ACTION ITEM
Using the data below, restate exactly every line from the one with "Pemain AC Milan" up to and including the one with "i størrelse S". No picture belongs in it.

RECORD EXTRACTS
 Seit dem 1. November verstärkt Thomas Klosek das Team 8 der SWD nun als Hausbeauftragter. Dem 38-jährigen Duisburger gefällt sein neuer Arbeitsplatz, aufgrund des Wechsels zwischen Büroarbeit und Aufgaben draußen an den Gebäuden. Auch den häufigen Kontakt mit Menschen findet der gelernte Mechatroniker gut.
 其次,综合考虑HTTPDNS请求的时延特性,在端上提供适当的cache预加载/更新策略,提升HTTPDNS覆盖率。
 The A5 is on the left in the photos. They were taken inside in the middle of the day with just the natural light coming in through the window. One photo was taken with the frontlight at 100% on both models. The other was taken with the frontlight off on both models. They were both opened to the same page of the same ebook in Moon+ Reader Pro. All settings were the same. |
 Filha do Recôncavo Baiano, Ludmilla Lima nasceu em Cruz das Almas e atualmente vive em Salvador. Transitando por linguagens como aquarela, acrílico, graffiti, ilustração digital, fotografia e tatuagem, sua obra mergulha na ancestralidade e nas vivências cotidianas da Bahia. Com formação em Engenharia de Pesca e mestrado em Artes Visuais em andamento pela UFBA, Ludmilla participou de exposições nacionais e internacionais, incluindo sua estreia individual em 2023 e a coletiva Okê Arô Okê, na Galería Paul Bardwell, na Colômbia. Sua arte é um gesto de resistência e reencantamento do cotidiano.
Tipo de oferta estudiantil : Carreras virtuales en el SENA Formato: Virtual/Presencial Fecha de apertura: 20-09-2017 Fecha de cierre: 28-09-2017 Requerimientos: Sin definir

==

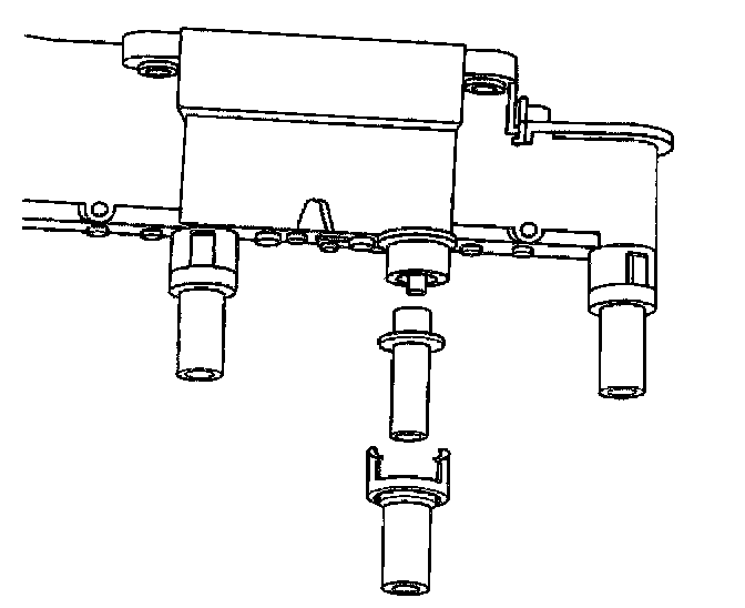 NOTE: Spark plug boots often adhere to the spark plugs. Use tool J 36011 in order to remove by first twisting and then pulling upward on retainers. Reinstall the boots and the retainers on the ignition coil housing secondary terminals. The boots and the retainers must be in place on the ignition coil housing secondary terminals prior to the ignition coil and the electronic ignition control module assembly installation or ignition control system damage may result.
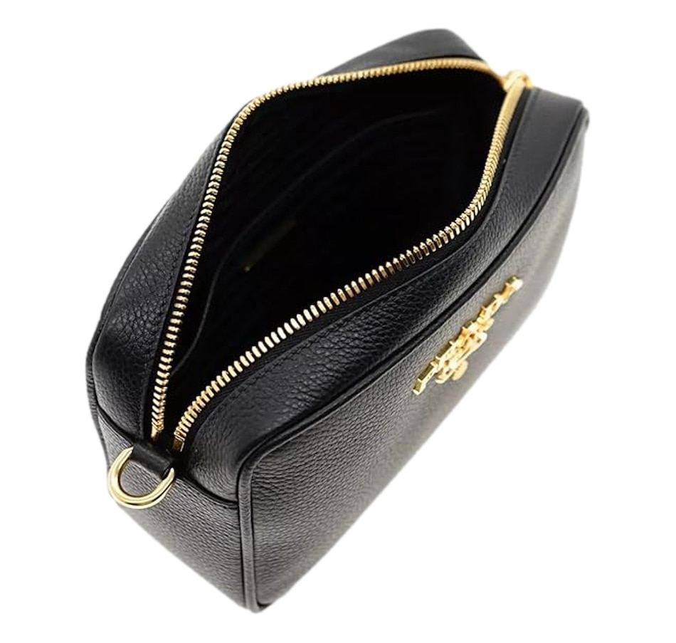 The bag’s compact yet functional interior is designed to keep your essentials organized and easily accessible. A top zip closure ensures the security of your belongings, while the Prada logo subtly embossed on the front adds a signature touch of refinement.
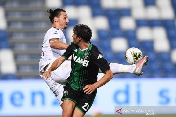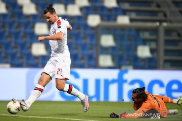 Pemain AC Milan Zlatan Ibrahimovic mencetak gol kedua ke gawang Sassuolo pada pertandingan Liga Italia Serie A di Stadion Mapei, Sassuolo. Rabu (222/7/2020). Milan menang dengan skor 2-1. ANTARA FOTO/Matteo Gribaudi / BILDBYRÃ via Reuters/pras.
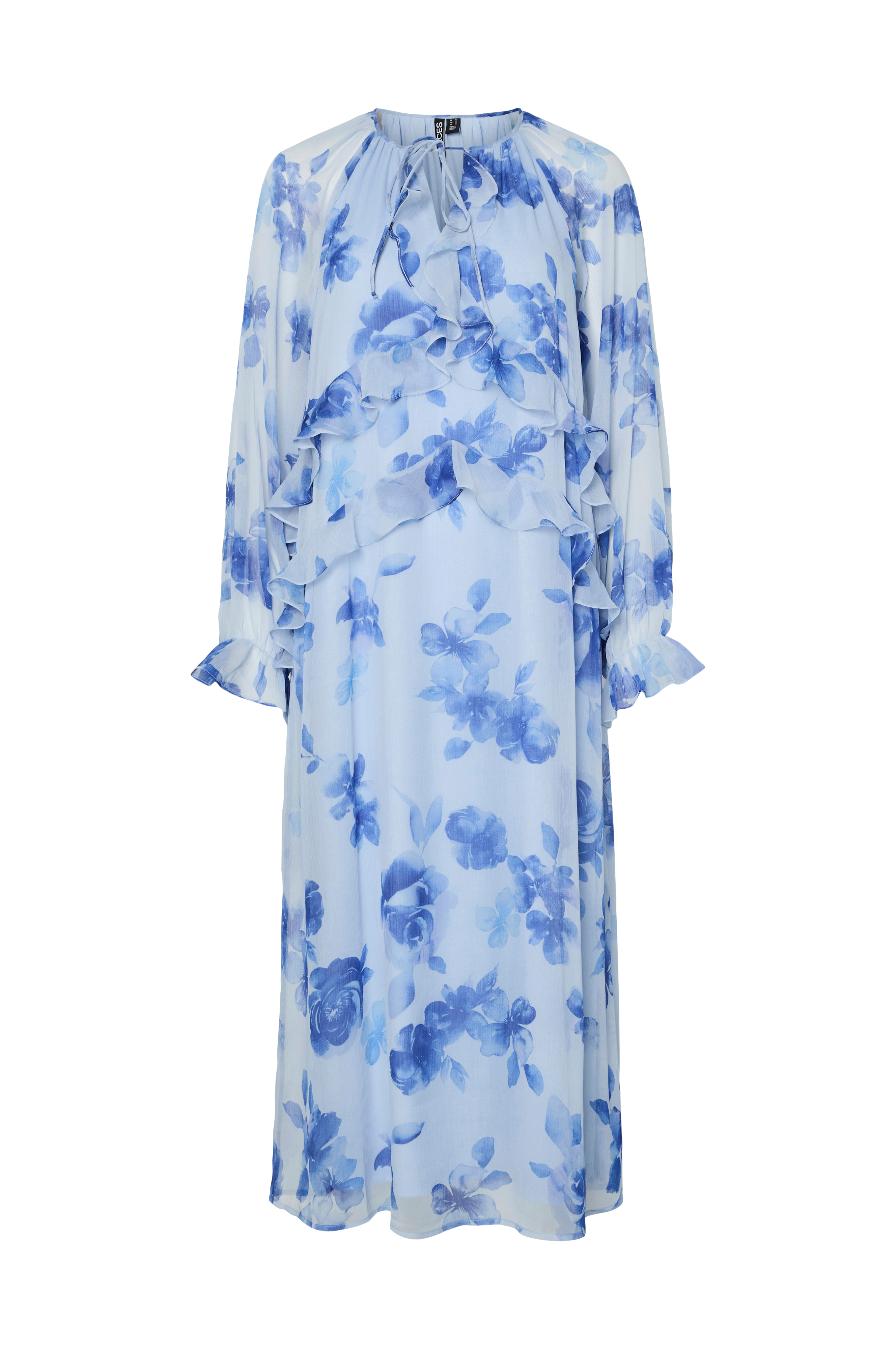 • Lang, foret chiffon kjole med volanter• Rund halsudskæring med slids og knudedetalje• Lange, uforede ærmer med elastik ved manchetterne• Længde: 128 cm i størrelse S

...

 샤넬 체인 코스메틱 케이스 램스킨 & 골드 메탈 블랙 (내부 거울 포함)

SOLUTION FOR THIS EXERCISE
 Pemain AC Milan Zlatan Ibrahimovic mencetak gol kedua ke gawang Sassuolo pada pertandingan Liga Italia Serie A di Stadion Mapei, Sassuolo. Rabu (222/7/2020). Milan menang dengan skor 2-1. ANTARA FOTO/Matteo Gribaudi / BILDBYRÃ via Reuters/pras.
 • Lang, foret chiffon kjole med volanter• Rund halsudskæring med slids og knudedetalje• Lange, uforede ærmer med elastik ved manchetterne• Længde: 128 cm i størrelse S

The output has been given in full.